A shower of rain during the hot season is a blessing indeed.


The sun god’s fury has left everyone craving for those teasing showers of rain.

Ray of hope

Summer rains are a mysterious phenomenon that comes down as heavenly blessings from the skies above, providing the much needed relief to the dry Earth. Sometimes it threatens with menacing clouds overhead, only to fizzle into a drizzle. But, whatever said and done, there is something magical when the first drops of rain touch the parched ground after a long and sizzling summer.

Summer showers are a typically localised spell that leaves footprints of soaked and scorched earth alternating within a few hundred metres of each other in the city.

Summer rains are a result of the interaction of a number of favourably pre-disposed parameters such as raised humidity levels and optimum ambient temperature ably supported by concomitant smooth upward drift of hot air.

Atmosphere act


Director of Cyclone Warning Centre V.L.Prasad says that summer showers depend on the level of moisture present in the atmosphere and presence of low-pressure trough that precipitates the lean season showers.

Summer showers normally occur due to the process of convection. The Earth gets heated up due to solar radiation and emits long wave terrestrial radiation into the atmosphere.

"This is when convection takes place resulting in the formation of cumulonimbus clouds, also known as thunderstorm clouds, that are primarily responsible for the summer showers," says Prasad.

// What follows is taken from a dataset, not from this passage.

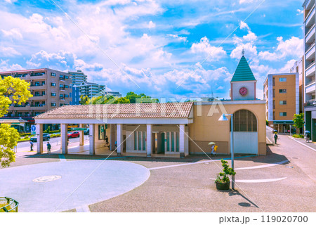 日本の横浜都市景観 横浜市営地下鉄グリーンライン 北山田駅やマンホールなどを望む

These clouds form at 16-18 km from the Earth’s surface. However, the summer rains take place in short spells and last for about three hours. "The short spells occur due to a single cell of clouds, unlike the monsoon period when a chain of clouds are set up in the horizon causing heavy rains," he explains.

Experience of the last three years reveals that the showers normally occur during April and May. There has not been any specific pattern of summer showers observed over the years.

On record

The rainfall figures of the last two years indicate the instability of this phenomenon.

In 2004, 64.6 mm of rainfall was recorded during April and 16.2 mm in May. The year 2005 recorded 36.5 mm rainfall in April and 7.7 mm in May. Last year’s figures too stress on this unsteady trend wherein April recorded 30.5 mm rainfall and signed off in style with the rainfall figures touching 80.7 mm in May. “Due to the unpredictable nature of the rainfall pattern, there is no yardstick to prognosticate on its likely performance,” says Prasad.